There seems to be a predictable pattern in the gaps between successive terms in series with prime exponents. This has been known for x^2 for a long time.


x^1== +1
x^2 == 2x+1

x^3 == [(x^2+x)(3)] +1

1+ (1^2+1) (3) +1 = 8
8 + (2^2+2) (3) +1 = 27
27 + (3^2+3) (3) +1= 64 ...

x^5== [(x^2+x)(x^2+x+1)(5)]+1

1+[(1^2+1)(1^2+1+1)(5)]+1=32
32 + (2^2+2)(2^2+2+1)(5)+1=243
243+(3^2+3)(3^2+3+1)(5)+1=1024...


x^7 = {(x^2 + x) (x^2 + x + 1)^2 (7)} + 1

x^11 = {(x^2 + x) (x^2 + x +1) ((x^2 + x)^2 + (x^2 + x + 1)^3) (11)} + 1


x^13 = {(x^2 + x) (x^2 + x + 1)^2 (2 (x^2 + x)^2 + (x^2 + x + 1)^3) (13)} + 1

I have Mathematica notebooks with the computations for x^7,x^11, and x^13, verifying this up to x=100 and each series gap between successive members follows the pattern.

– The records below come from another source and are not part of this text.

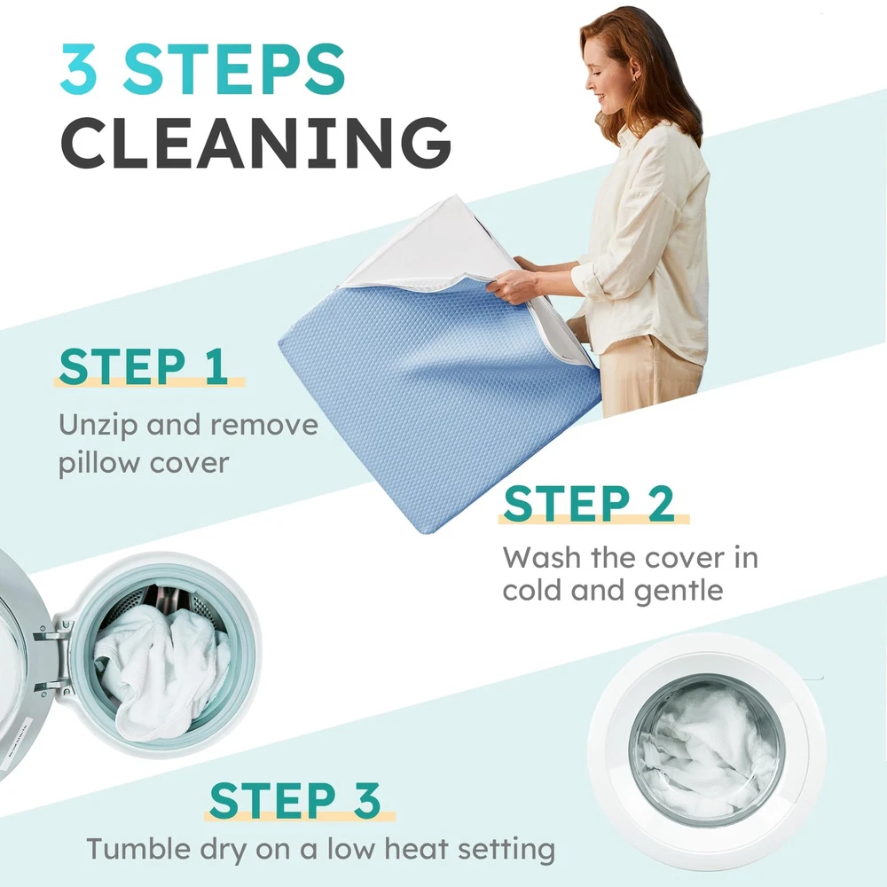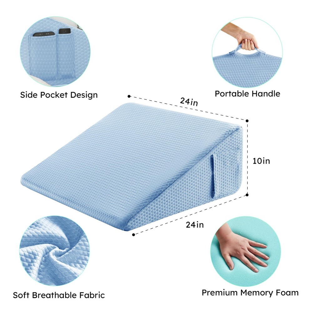 Wedge Pillow for Sleeping, Bed Wedge Pillow, Body Pillow for Back Support, Leg Elevation, Gerd Acid Reflux, Neck Pain, Snoring, Triangle Pillow Wedge - Cooling Memory Foam Top, Removable Washable Cover Versatile wedge pillow design provides superior comfort and support for sleeping, reading, sitting up in bed Features cooling gel-infused memory foam top layer and high-density premium foam base for comfort and support Breathable, removable and machine washable cover allows airflow and easy cleaning Built-in pockets to store items; Portable handle for easy transport. Upgraded foam meets CertiPUR-US and Oeko-Tex standards for durability and safety
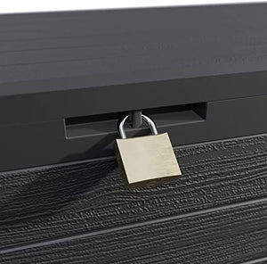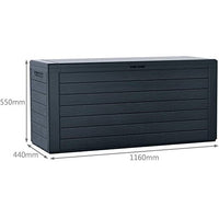 - Le dimensioni del grande baule da giardino sono: 116 x 44 x 55 cm, Capacità: 280 Litri, Stampa 3D Effetto Legno
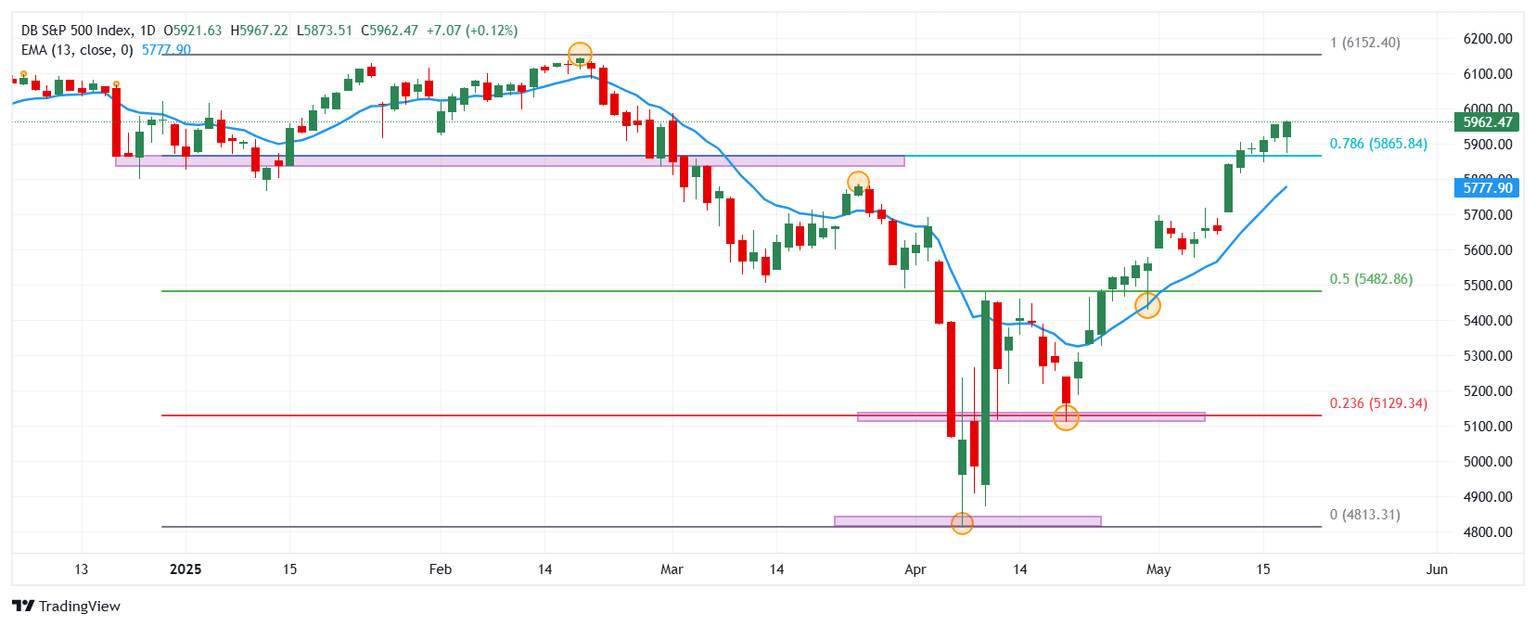 El S&P 500 estableció un mínimo del día en 5873, encontrando compradores que llevaron el índice a máximos del 3 de marzo en 5.967. Actualmente, el S&P 500 cotiza en 5.962 ganando un 0.12% el día de hoy.
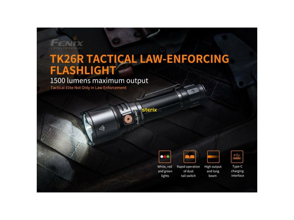 Taktická dobíjacia baterka Fenix TK26R s bielou, červenou a zelenou LED diódou.

However at x^17, I ran out of steam and cognitive resources. Prime factoring the [[gap term] -1] is how I started looking at the other series, and there is some frustratingly periodic behavior in the prime factors. Twin prime exponents are also connected in some way, but I cannot figure it out.

I have no idea what this means, if anything at all.
Your discovery is based upon the known fact that the coefficients for the binomial (x+1) raised to a prime power P are each divisible by P except the coefficients of x^p and 1. Try searching for the terms "binomial coefficients" and "primes" to see how to prove this.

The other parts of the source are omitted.